▶ [What needs to be done] From the first line of the listing below through the line with "14kt yellow gold", transcribe exactly and skip the pictures.

▶ [Excerpted records]

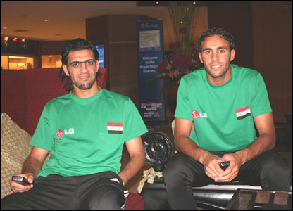 Đội tuyển Iraq hiện cũng ở khách sạn này. Hai cầu thủ Ali (mang áo số 15) và Mohammed (số 23) ngồi tại sảnh khách sạn.
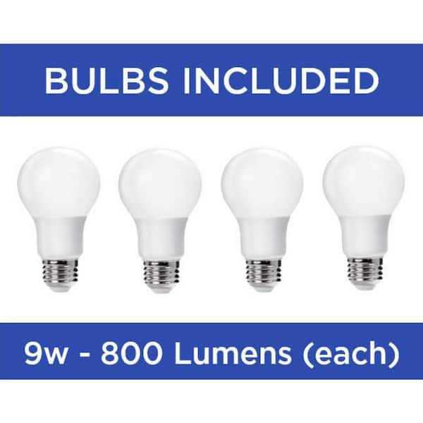 - Includes four 3000K, 800 lumen each (source), Title 24 certified LED bulbs.
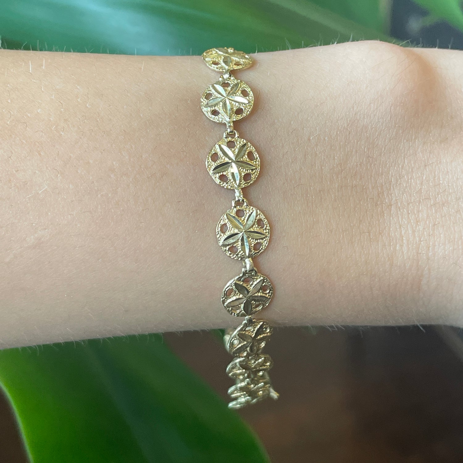 14kt yellow gold sand dollar bracelet. 7in long. 7.14g total weight.
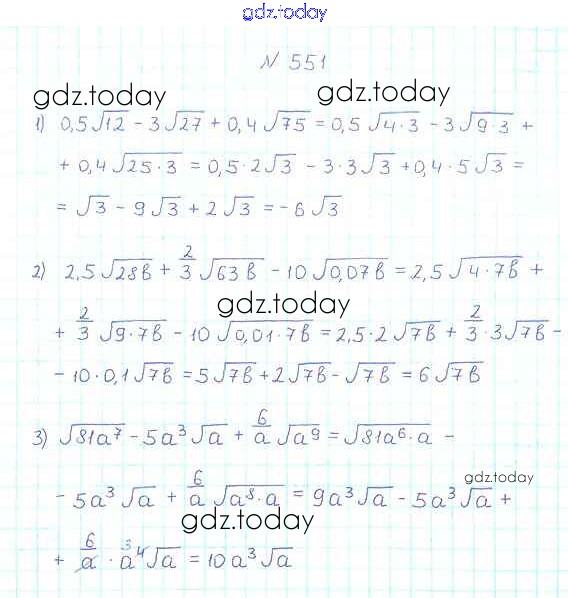 Ответы к §17. Тождественные преобразования выражений, содержащих арифметические квадратные корни Решение к главе 2. Квадратные корни. Действительные числа 551 Учебнику по Алгебре для 8 класса Мерзляк, Полонский Вентана-граф Алгоритм успеха 2016
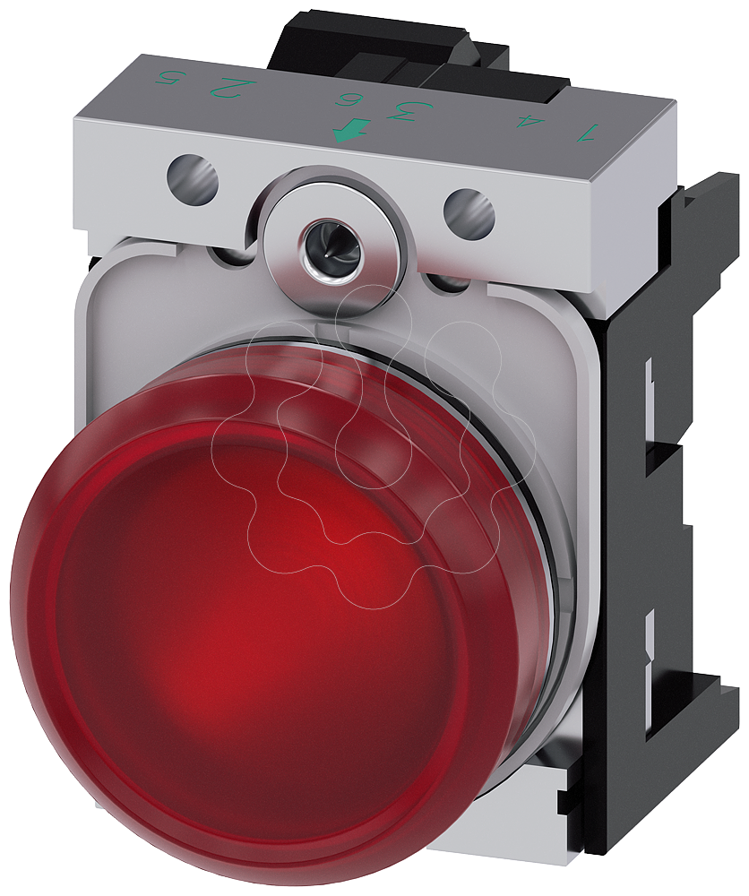 indicador luminoso, 22 mm, redondo, metal, de alto brilho, vermelho, lente, plano, com suporte, módulo LED com LED integrado CA/24V CC, conexão de ...
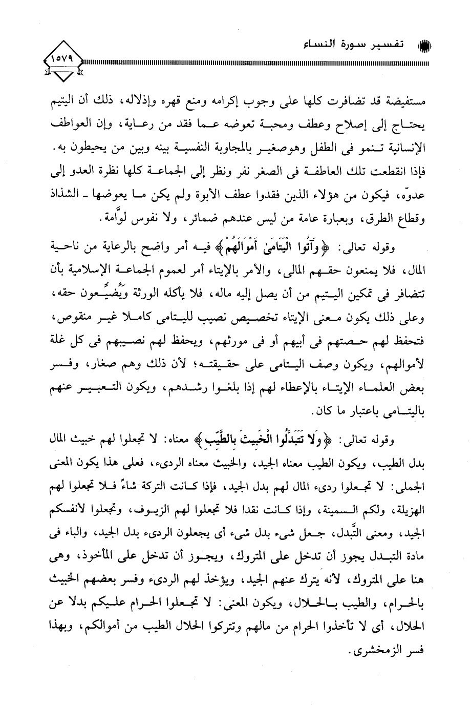 وقوله تعالى: (وَلا تَتَبَدَّلُوا الْخَبِيثَ بِالطَّيِّبِ) معناه: لَا تجعلوا لهم خبيث المال بدل الطيب، ويكون الطيب معناه الجيد، والخبيث معناه الرديء، فعلى هذا يكون المعنى الجملي: لَا تجعلوا رديء المال لهم بدل الجيد، فإذا كانت التركة شاءً فلا تجعلوا لهم الهزيلة، ولكم السمينة، وإذا كانت نقدا فلا تجعلوا لهم الزيوف، وتجعلوا لأنفسكم الجيد، ومعنى التَّبدل، جعل شيء بدل شيء أي يجعلون الرديء بدل الجيد، والباء في مادة التبدل يجوز أن تدخل على المتروك، ويجوز أن تدخل على المأخوذ، وهي هنا على المتروك، لأنه يترك عنهم الجيد، ويؤخذ لهم الرديء وفسر بعضهم الخبيث بالحرام، والطيب بالحلال، ويكون المعنى: لَا تجعلوا الحرام عليكم بدلا عن الحلال، أي لَا تأخذوا الحرام من مالهم وتتركوا الحلال الطيب من أموالكم، وبهذا فسر الزمخشري.
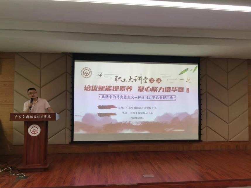 为扎实开展学习贯彻习近平新时代中国特色社会主义思想主题教育,贯彻落实党中央对加强和改进新形势下党的群团工作的重要部署,切实保持和增强党的群团工作的政治性、先进性、群众性,5月8日下午,土木工程学院分工会特邀广东技术师范大学马克思主义学院硕士生导师、副教授张秀峰,在天河校区2#101教室开展了一场深入浅出、精彩纷呈的专题讲座。学院党委委员、副院长熊嘉逸,土木工程学院党委书记张文风、副书记宗宸及部分教职工参加了此次讲座。
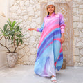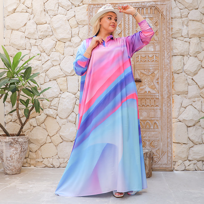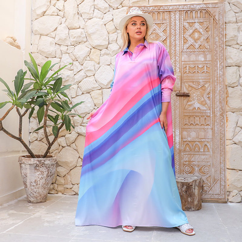 دريس حرير ستان أرماني بأكمام طباعة ديجيتال من تصميماتنا الخاصة فري سايز يناسب ٧٠ك إلى ٩٠ك و الطول من الكتف ١٤٠سم
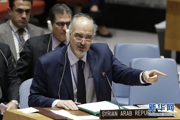 資料圖:2月24日,在位于紐約的聯(lián)合國(guó)總部,敘利亞常駐聯(lián)合國(guó)代表賈法里(前)在安理會(huì)通過(guò)敘利亞全境停火決議草案后發(fā)言。新華網(wǎng)記者 李木子 攝
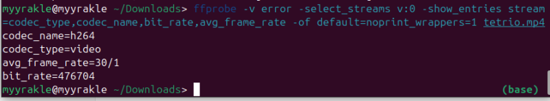 ffprobe -v error -select_streams v:0 -show_entries stream=codec_type,codec_name,bit_rate,avg_frame_rate -of default=noprint_wrappers=1 tetrio.mp4
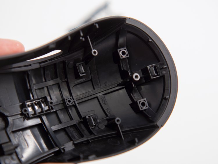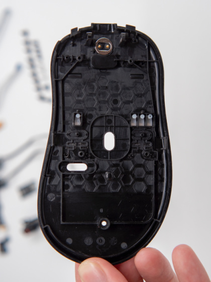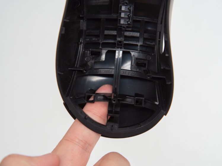 底部按键采用热熔固定,在底壳上可以看到一些减重痕迹,但没有像其他厂商那样挖空。
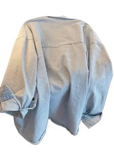 蓝色条纹长袖衬衫女春季上衣2025新款宽松设计感复古撞色外套衬衣
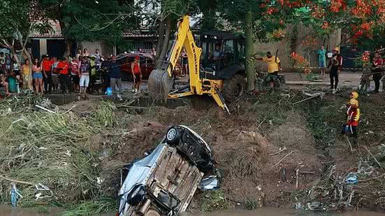 O Corpo de Bombeiros continua nas buscas por uma mulher que desapareceu no Rio Botas, no Rio de Janeiro. O veículo foi arrastado pela enxurrada em Belford Roxo na noite de sábado (13). O carro foi encontrado e retirado do rio.

▶ [Answer area]
 Đội tuyển Iraq hiện cũng ở khách sạn này. Hai cầu thủ Ali (mang áo số 15) và Mohammed (số 23) ngồi tại sảnh khách sạn.
 - Includes four 3000K, 800 lumen each (source), Title 24 certified LED bulbs.
 14kt yellow gold sand dollar bracelet. 7in long. 7.14g total weight.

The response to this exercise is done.